L’importance du gaspillage alimentaire

Le gaspillage alimentaire correspond chaque année dans le monde à l’émission de 3,3 milliards de tonnes d’équivalents CO2, soit plus de 24 fois celles liées aux transports en France. Selon la FAO, plus d’un tiers des aliments produits chaque année est perdu ou jeté, tout au long de la chaîne alimentaire. L’amont (production, manutention et stockage après-récolte) serait responsable de 54 % de ces pertes et l’aval (transformation, distribution et consommation) de 46 % d’entre elles.

En France, les campagnes de communication visent essentiellement à des changements de comportements des consommateurs alors que tous les maillons des filières sont concernés. Les outils de mesure, de suivi et d’évaluation en la matière, sont insuffisants voire inexistants. Toutefois, dans un rapport de 2011, le ministère de l’Écologie évaluait à 7,12 millions de tonnes les déchets alimentaires produits annuellement sur le territoire dont 2 % imputables aux industries agroalimentaires, 10 % à la distribution, 6 % aux marchés, 15 % à la restauration hors domicile et 67 % aux ménages.

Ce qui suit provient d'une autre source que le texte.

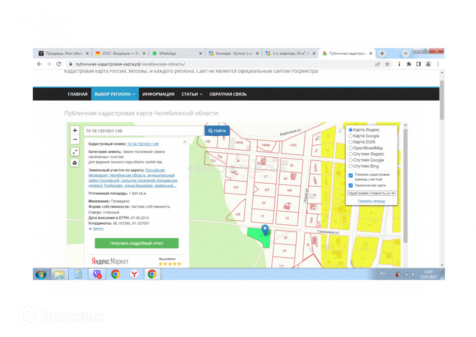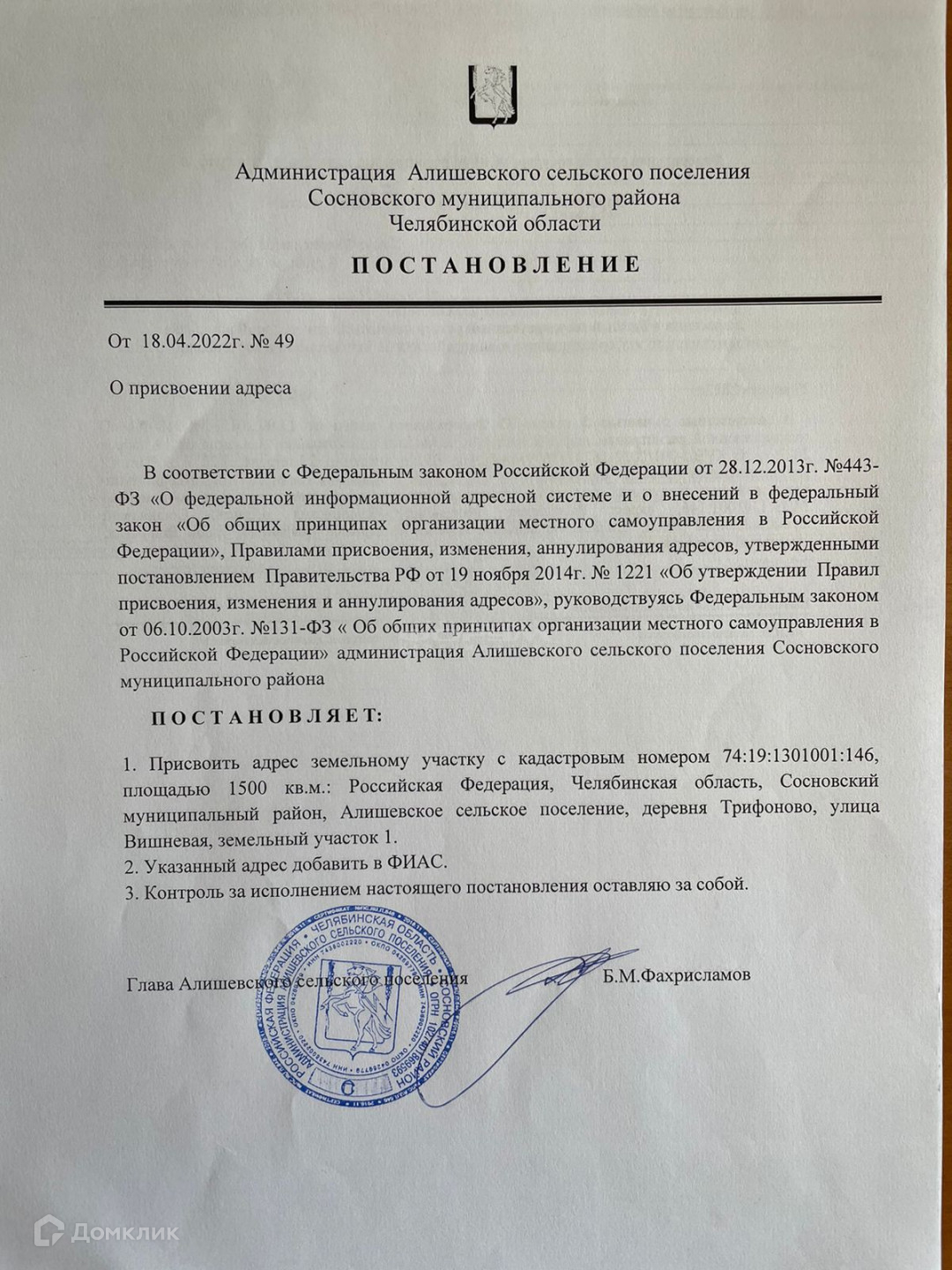 Арт. 38583981 Предлагаем купить земельный участок рядом  с Харлушевским государственным природным заказником.  Кадастровый номер: 74:19:1301001:146. Категория земель: земли населенных пунктов. Вид разрешенного использования: Для объектов жилой застройки. Площадью 1500 (одна тысяча пятьсот) кв. м, точный адрес: Россия, Челябинская область, Сосновский муниципальный район,  Алишевское сельское поселение,   деревня Трифоново, улица Вишневая, д. 1. Участок находится на возвышенности.
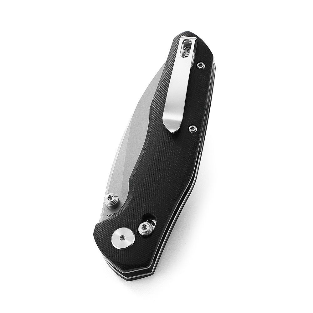Замок b-lock, представляющий собой модификацию axis-lock от компании Bestechman, надежно фиксирует нож в открытом положении. Плавная механика ножа обеспечивается керамическим шарикоподшипником в осевом узле.
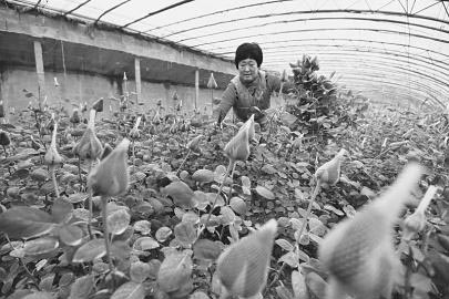 近日,东港区日照街道费家河村的张红秀正在采收玫瑰。54岁的张红秀和老伴种了1亩多地的玫瑰,年均收入在4万元左右。 近年来,利用我市自然条件和区位优势,林业部门大力发展以花卉种植为主导的“美丽产业”,采取政府引导、公司搭桥、农民种植模式,发展花卉种植近14000亩,其中设施栽培和露地栽培分别是3900余亩和10000余亩,仅2014年花卉产业年产值就达2.6亿元,有效带动了农民致富增收。

Les industriels et la grande distribution affichent des objectifs volontaristes en matière de réduction du gaspillage grâce notamment à la valorisation de produits non commercialisables par le biais de l’aide alimentaire. À cet égard, il convient de rappeler, comme cela avait été souligné dans un récent avis du CESE55, que ces pertes n’ont qu’un très faible impact sur les marges des grandes enseignes car, d’une part, celles-ci les intègrent dans la détermination de leurs prix de vente et, d’autre part, leurs dons en produits à des organisations caritatives donnent lieu à des avantages fiscaux significatifs.